Privileged access management (PAM) vendor Delinea has surveyed 1000 IT and security executives, finding that nearly seven in ten hail from organisations breached by ransomware in the last year.

“Ransomware attacks have continued to surge over the past year, despite fewer victims paying,” the vendor said in a press announcement.

In addition, almost one in three got attacked more than once. That’s according to Delinea’s 2025 State of Ransomware Report, which you can download here.

Partly because “critical security gaps” persist, criminals are increasingly succeeding with attacks based on AI, ransomware as a service, and credential theft. AI in particular can help cybercriminals “automate, scale and sharpen” their operations.

“While only 57% of (surveyed) organisations paid ransoms, down from 76% in 2024, the frequency and impact of attacks continued to grow,” Delinea said.

“Threat actors turned to other tactics like extortion; 85% of ransomware victims were threatened with exposure.”

Organisations should look to their defences, the vendor noted.

Accordingly, Delinea’s platform is all about securing human and machine identities through centralised authorisation and privileged access controls. Also, its solutions are based on zero-trust and least-privilege approaches, the vendor said.

Proactive privileged access and identity security

In order to protect themselves, organisations must “fight AI with AI”, according to Delinea. AI can work well within security operations centres (SOCs), where teams can use AI to analyse indicators of compromise and to prevent phishing.

Also, organisations should embrace proactive identity security with zero trust architecture, PAM, and continuous credential monitoring, the vendor said.

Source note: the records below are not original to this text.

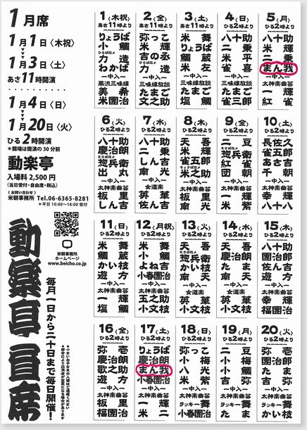 問合:米朝事務所 Tel.06-6365-8281(月~金 10:00~18:00)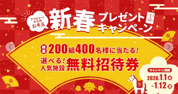 アソビュー!厳選の人気レジャー施設のペアチケットなどが当たるお年玉キャンペーンを開催!
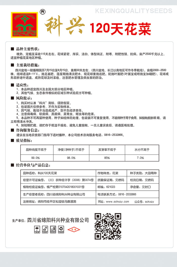 1、購買時認準“科興”商標,謹防假冒。2、包裝圖片僅供參考,不作為實物樣本。3.因氣候、栽培不當造成減產,想不負經濟責任。4.注意軟腐病、灰需病、菌核病、蚜蟲等的危害。5、本品種不可再留種使用、種子如經拌藥處理,包裝袋不可重復使用,不能將種子用于食用。如接觸皮膚眼睛,請立即用清水沖洗。6,如短期貯藏,請貯存于低溫干燥處,避免兒童接.一旦兒童誤食后.請遵醫處理。7、高溫季節栽培易抽苔,因此要加強肥水管理,否則會造成產量降低。
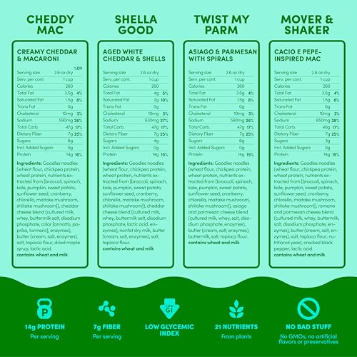 Goodles Mac & Cheese Assortment 4 Pack, 6oz – 14g Protein, 6g Fiber with Prebiotics, 21 Plant-Based Nutrients and Made w/REAL Cheese! | Clean Label Certified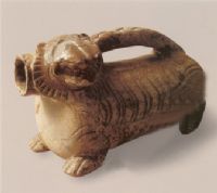 口部飾有虎首,軀體作圓筒狀,背有扁平提梁。四肢向前屈曲作臥伏狀。腹部和四肢刻劃條紋來表現(xiàn)虎斑。釉為醬黃色,剝落嚴(yán)重,剝落處露紅胎,胎質(zhì)疏鬆。此器形態(tài)生動有趣,造型樸拙。陶瓷虎子在我國使用范圍很文,年代久遠(yuǎn),式樣頗多,此迺最早的一種。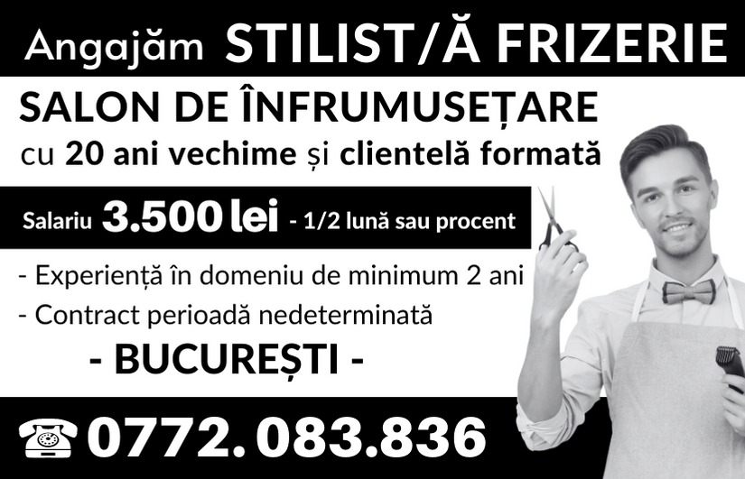 - Activitate de stilist/a frizerie in Bucuresti, zonele: Berceni, Vitan, Diham, Rahova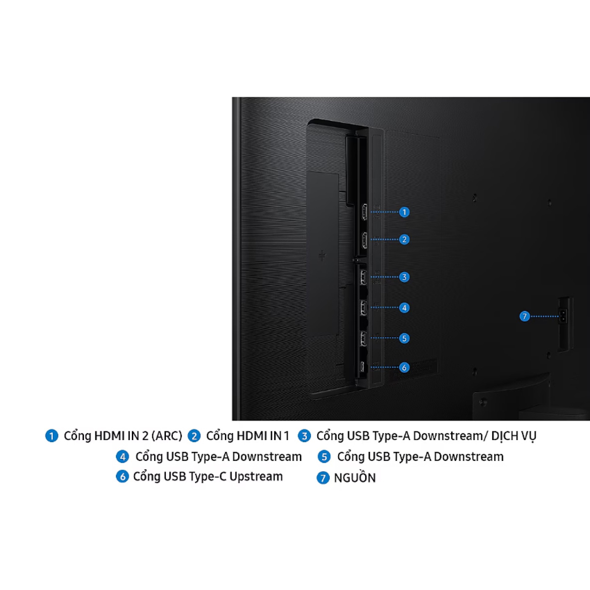Samsung M7 M70D được trang bị cổng USB-C đa năng, cho phép truyền tải dữ liệu, hình ảnh và sạc ngược cho laptop chỉ qua một sợi cáp duy nhất, giúp không gian làm việc luôn gọn gàng. Khả năng kết nối không dây cực kỳ mạnh mẽ với Wi-Fi, Bluetooth, AirPlay 2 và tính năng phản chiếu hình ảnh Tap View. Hệ thống loa tích hợp với công nghệ Adaptive Sound tự động tối ưu hóa âm thanh theo từng nội dung cụ thể, từ giọng nói rõ ràng trong các cuộc họp đến âm thanh sống động trong các bộ phim hành động, mang lại trải nghiệm nghe nhìn trọn vẹn mà không cần lắp thêm loa rời.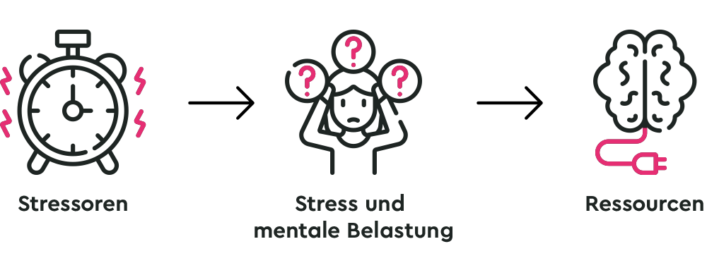 Wenn mehr von uns gefordert wird als wir leisten können, kommt es zu Stress. Stress ist ein Negativzustand, der aus der Bewertung einer Situation entsteht. Er wird durch Stressoren ausgelöst, und durch Ressourcen, also Schutzfaktoren, beeinflusst. Wird der Mitarbeitende ständig fehlbeansprucht kommt es zu einer Vielzahl an Stressoren, sind die Schutzfaktoren, die Ressourcen aufgebraucht kommt es zu einer mentalen Belastung.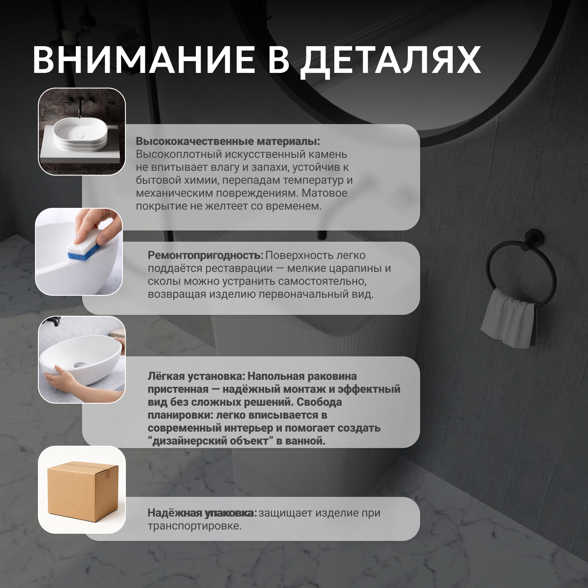 Раковина отдельностоящая ABBER Stein AS2505-H белая матовая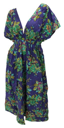 100% coton imprimé floral longtemps le tube Caftan Caftan bleu. ligne de cou sobre

Meanwhile, threat actors use AI to automate phishing, impersonate trusted individuals via deepfakes, and accelerate attacks.

In fact, 90% of the executives surveyed said they worried about ransomware. In addition, failing to act was expensive – 75% of those admitting an attack took up to two weeks to recover.

However, only 34% enforced least privilege access controls and just 57% used application control measures, Delinea said.

“In a ransomware context, least privilege helps to reduce the attack surface and blast radius.”